Now when we look at the history of man, we note that tribes are horrendously inefficient. Indeed, many tribesmen each have their own cow and their own tools, and each does what he or she needs to do to be reasonably self-sufficient. Not to say they do not help one another and hold somethings in common but the trend is towards self-sufficiency. This is not biblical. We are called to be dependent on one another.


If we wish to do unto others, we must enable others to do unto us. What do we want others to do for us the most? We want them to help us do what we are best at. We want them to help us to be in a position where we can be the most valuable. This is the body of Christ. We are all members of the same body, but we are not all the same member of the same body. We are specialized and no part of the body is greater or lesser than the other. We conform to the body of Christ to become part of the body of Christ.


As Christians and as citizens we are not master and slave but brothers and sisters.


Indeed, the one villager ought to have had care of the land. If you wish to call it personal, private or public ownership is not the issue. The land and all of the natural world belongs to God. We have Dominion but as stewards.


One man ought to have had care of the herd. The milking and preparation of butter and cheese ought to have been the responsibility of one or two specialized persons. But no man created the cows, no man creates milk. One man sows, another waters, but it is God who provides the increase. We are not the authors of the natural order of things. However, we work, and the worker is worthy of his wages.


Ownership is both immaterial and a false flag. Nature belongs to God no matter what you want to call our stewardship of it. At most we are personal owners because we own what we use for personal use and we own the equity we create. We cannot own assets that were formed by God.


The village ought to have created a church. The church represents God’s claim on earth and His authority over all that is Created by Him.


The Christian Church

We are the body of Christ. We live by The Golden Rule. We are the slaves of Christ not of man. We own the equity we create we cannot own anything created by God.


All commercial property held by Christians is sold to the church. For clarity we call the holding company a Citizens Exchange. This is a business or charity that represents the public trust. It holds all things in common in the name and authority of our Creator, Lord Jesus Christ.
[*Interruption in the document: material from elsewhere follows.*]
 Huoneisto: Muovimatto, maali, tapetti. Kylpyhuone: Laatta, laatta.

The owner is recompensed for his or her work of care. When donations of goods and services are provided the Exchange the Exchange reciprocates by issuing the citizen preferred shares up to the value of the goods and services donated.
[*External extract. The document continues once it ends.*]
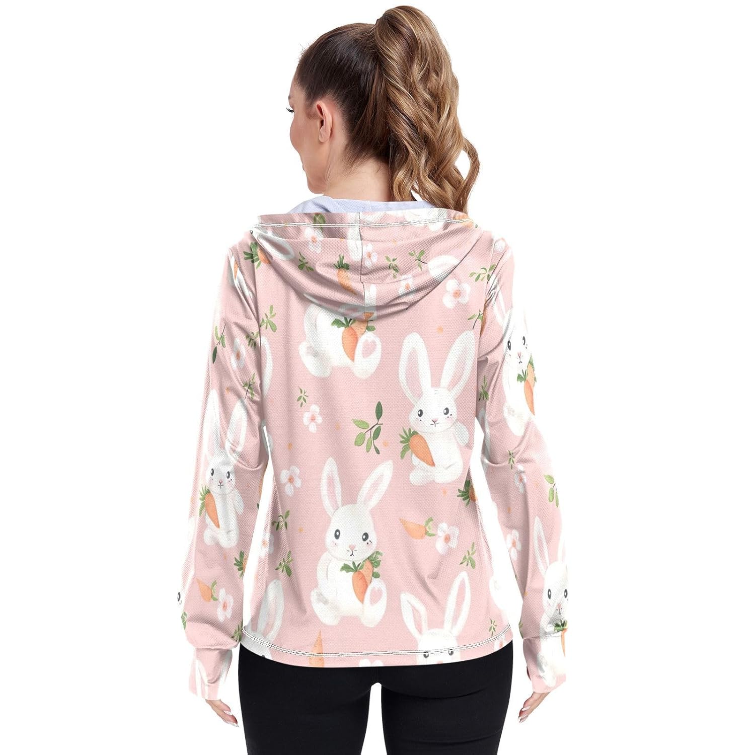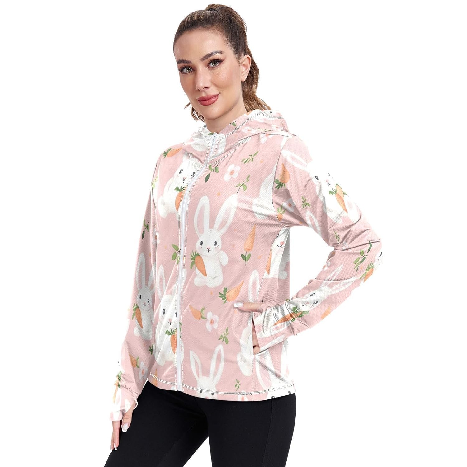Qilmy Carrots and Rabbits feminina FPS 50+ proteção solar UV com capuz com zíper FPS manga longa camisa de sol 355

Exchanges prohibit slavery in the form of unpaid production of value. All workers are worthy of their wage and all workers are those who produce things with value.
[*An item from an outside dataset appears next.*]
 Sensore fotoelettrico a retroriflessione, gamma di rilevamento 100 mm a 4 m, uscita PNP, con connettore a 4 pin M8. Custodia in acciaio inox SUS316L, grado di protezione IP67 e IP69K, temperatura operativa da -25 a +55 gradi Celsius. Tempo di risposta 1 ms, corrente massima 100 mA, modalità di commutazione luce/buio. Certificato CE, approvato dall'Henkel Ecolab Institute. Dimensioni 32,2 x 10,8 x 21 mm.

Citizens are paid in equity units or preferred shares. Preferred shares represent value drawn on the assets of the Exchange. Preferred shares (prefers) function as a citizen’s currency and are issued in multiples of itself in the same way units of domestic fiat currency is.


Land and cattle and other assets are recorded as assets of the Exchange. Each villager owns one share (Common Share) of the enterprise as well as his or her earned equity. 


The Exchange ensures all use of the land is paid for. Citizens are customers as well as employees. A villager who buys eggs, cheese or bread or other goods or services pays the Exchange for the value he of she receives using prefers as a currency or unit of account. The manager of the land is paid to manage the asset belonging to the village and ensures land use represents the best interest of all shareholders. The income the Exchange makes is divided among the shareholders after expenses. 


What this means is that it benefits the village if the citizens specialize. This is the true meaning and purpose of The Golden Rule.


Citizens are people who help one another in specialized ways. A citizen is a person with the right of specialization. As a citizen and member of Christs body you have a right to a mission. A mission is a specialized way of contributing to the body.


Slaves have duties, citizens have rights. Christians have a duty to Christ to serve the body and a right to serve in a way that gives the glory to God, in the context of the church.